A feature of the present invention is that prototype periods are
used to represent and reconstruct the speech signal. Coding the
prototype period rather than the entire speech signal reduces the
required bit rate, which translates into higher capacity, greater
range, and lower power requirements.
Another feature of the present invention is that a past prototype
period is used as a predictor of the current prototype period. The
difference between the current prototype period and an optimally
rotated and scaled previous prototype period is encoded and
transmitted, further reducing the required bit rate.
Still another feature of the present invention is that the residual
signal is reconstructed at the decoder by interpolating between
successive reconstructed prototype periods, based on a weighted
average of the successive prototype periods and an average lag.
Another feature of the present invention is that a multi-stage
codebook is used to encode the transmitted error vector. This
codebook provides for the efficient storage and searching of code
data.
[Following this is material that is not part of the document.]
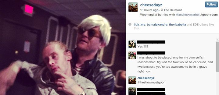 Als Macaulay Culkin Ende 2014 die im Internet kursierenden Gerüchte über seinen eigenen Tod zu Ohren kamen, befand er sich gerade auf Tour mit seiner Band „The Pizza Underground“. Spontan stellte er mit einem Kollegen eine Szene aus der 80er- Jahre-Komödie „Immer Ärger mit Bernie“ nach, in der es um zwei Angestellte geht, die versuchen, den Tod ihres Chefs zu verheimlichen: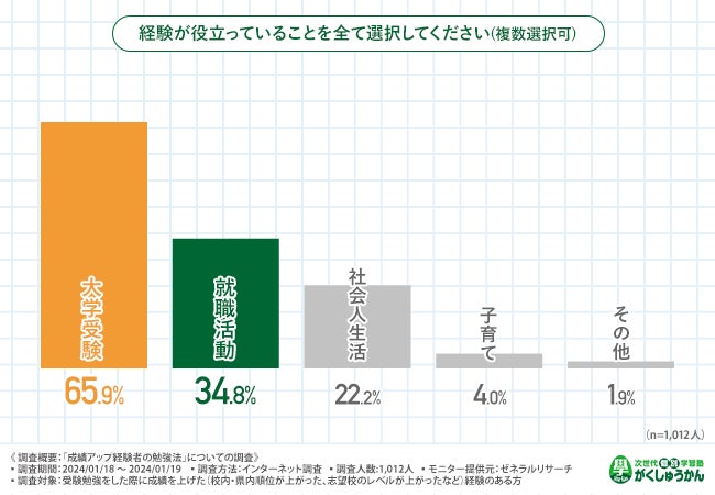 次に、「経験が役立っていることを全て選択してください(複数選択可)」と質問したところ、『大学受験(65.9%)』と回答した方が最も多く、次いで『就職活動(34.8%)』と続きました。

Additional stages may be added to achieve a desired level of
accuracy.
Another feature of the present invention is that a warping filter
is used to efficiently change the length of a first signal to match
that of a second signal, where the coding operations require that
the two signals be of the same length.
Yet another feature of the present invention is that prototype
periods are extracted subject to a "cut-free" region, thereby
avoiding discontinuities in the output due to splitting high energy
regions along frame boundaries.
The features, objects, and advantages of the present invention will
become more apparent from the detailed description set forth below
when taken in conjunction with the drawings in which like reference
numbers indicate identical or functionally similar elements.
Additionally, the left-most digit of a reference number identifies
the drawing in which the reference number first appears.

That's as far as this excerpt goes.